[Records from a data collection]
<<<<

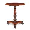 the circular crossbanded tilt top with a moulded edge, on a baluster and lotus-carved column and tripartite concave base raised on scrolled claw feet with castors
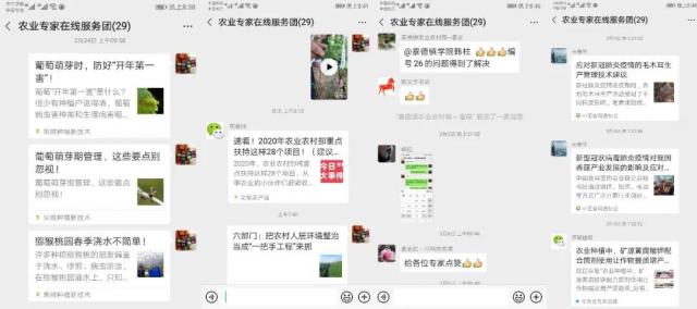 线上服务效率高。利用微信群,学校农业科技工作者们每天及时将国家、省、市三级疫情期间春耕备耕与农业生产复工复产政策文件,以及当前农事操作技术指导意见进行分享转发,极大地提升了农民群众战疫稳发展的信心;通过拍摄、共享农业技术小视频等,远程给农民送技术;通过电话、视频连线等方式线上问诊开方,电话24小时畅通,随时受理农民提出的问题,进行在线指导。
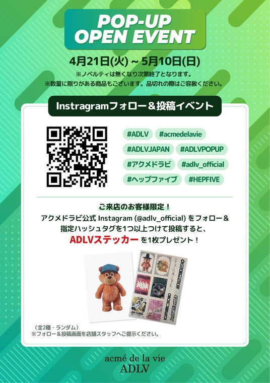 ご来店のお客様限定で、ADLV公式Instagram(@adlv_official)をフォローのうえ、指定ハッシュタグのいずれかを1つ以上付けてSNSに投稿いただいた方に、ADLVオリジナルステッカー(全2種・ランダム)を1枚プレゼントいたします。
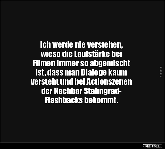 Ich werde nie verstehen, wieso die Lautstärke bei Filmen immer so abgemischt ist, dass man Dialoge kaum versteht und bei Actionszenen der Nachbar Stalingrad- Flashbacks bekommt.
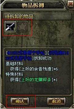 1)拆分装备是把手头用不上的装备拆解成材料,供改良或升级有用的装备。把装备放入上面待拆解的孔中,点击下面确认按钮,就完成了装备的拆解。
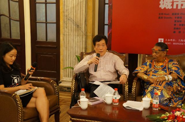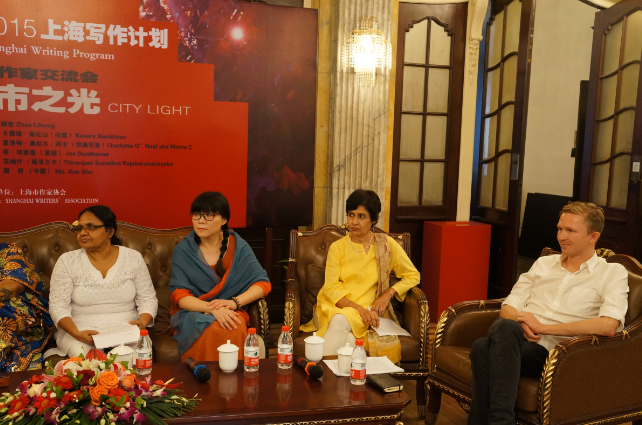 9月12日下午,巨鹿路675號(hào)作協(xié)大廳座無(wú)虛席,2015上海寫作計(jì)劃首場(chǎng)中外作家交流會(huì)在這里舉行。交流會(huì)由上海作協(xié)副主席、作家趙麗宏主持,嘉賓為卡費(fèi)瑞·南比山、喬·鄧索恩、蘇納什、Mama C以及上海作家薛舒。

>>>>

Restate word for word the lines from the one holding "1)拆分装备是把手头用不上的" down through the last line of the records above, and do not include the pictures.

 1)拆分装备是把手头用不上的装备拆解成材料,供改良或升级有用的装备。把装备放入上面待拆解的孔中,点击下面确认按钮,就完成了装备的拆解。
 9月12日下午,巨鹿路675號(hào)作協(xié)大廳座無(wú)虛席,2015上海寫作計(jì)劃首場(chǎng)中外作家交流會(huì)在這里舉行。交流會(huì)由上海作協(xié)副主席、作家趙麗宏主持,嘉賓為卡費(fèi)瑞·南比山、喬·鄧索恩、蘇納什、Mama C以及上海作家薛舒。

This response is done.